Organisatie | Bergen op Zoom |
---|---|
Organisatietype | Gemeente |
Officiële naam regeling | De raad van de gemeente Bergen op Zoom; |
Citeertitel | Verordening vertrouwenscommissie benoeming burgemeester 2013 |
Vastgesteld door | gemeenteraad |
Onderwerp | bestuur en recht |
Eigen onderwerp |
Geen
Datum inwerkingtreding | Terugwerkende kracht tot en met | Datum uitwerkingtreding | Betreft | Datum ondertekening Bron bekendmaking | Kenmerk voorstel |
---|---|---|---|---|---|
11-03-2013 | 01-09-2013 | nieuwe regeling | 05-03-2013 Bergen op Zoomse Bode, 10-03-2013 | RVB13-0012 |
gezien het voorstel van het fractievoorzittersoverleg van 27 februari 2013, nr. RVB13-0012;
gelet op de Gemeentewet, de Archiefwet 1995 en het Archiefbesluit 1995,
alsmede op de “Circulaire benoeming, functioneringsgesprekken en herbenoeming burgemeester” van het Ministerie van Binnenlandse Zaken en Koninkrijksrelaties (ingangsdatum 15 juli 2012);
In deze verordening wordt verstaan onder:
• De minister: de minister van Binnenlandse Zaken en Koninkrijksrelaties;
• De commissaris: de commissaris van de Koningin in Noord-Brabant;
• De commissie: de vertrouwenscommissie benoeming burgemeester 2013
De geheimhoudingsplicht brengt onder meer mee dat aan raadsleden, die geen zitting (meer) hebben in de commissie, en aan anderen, behoudens het bepaalde in artikel 8 van deze verordening, geen inzage in, of informatie omtrent de inhoud van de stukken of het behandelde ter vergadering wordt verstrekt.

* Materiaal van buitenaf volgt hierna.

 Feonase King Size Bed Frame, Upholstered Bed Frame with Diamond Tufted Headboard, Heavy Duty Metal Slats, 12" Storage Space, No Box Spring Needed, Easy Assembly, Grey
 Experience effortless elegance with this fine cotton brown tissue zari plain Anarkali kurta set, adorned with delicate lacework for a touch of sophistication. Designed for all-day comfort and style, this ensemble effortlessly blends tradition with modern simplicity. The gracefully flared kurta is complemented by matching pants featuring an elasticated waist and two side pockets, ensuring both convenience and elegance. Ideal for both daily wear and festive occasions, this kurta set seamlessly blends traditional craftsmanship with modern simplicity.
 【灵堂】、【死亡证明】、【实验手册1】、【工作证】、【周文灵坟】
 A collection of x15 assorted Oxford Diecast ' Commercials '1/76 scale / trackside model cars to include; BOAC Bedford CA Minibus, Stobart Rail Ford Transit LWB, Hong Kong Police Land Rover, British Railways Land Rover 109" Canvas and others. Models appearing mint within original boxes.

De commissie treft, met inachtneming van de artikelen 6, 7, tweede lid, en 11 van deze verordening, een voorziening met betrekking tot de wijze waarop de geheimhouding blijft gewaarborgd bij het beheer van bescheiden, het voeren van correspondentie en bij de bepaling van plaats en tijdstip van de gesprekken.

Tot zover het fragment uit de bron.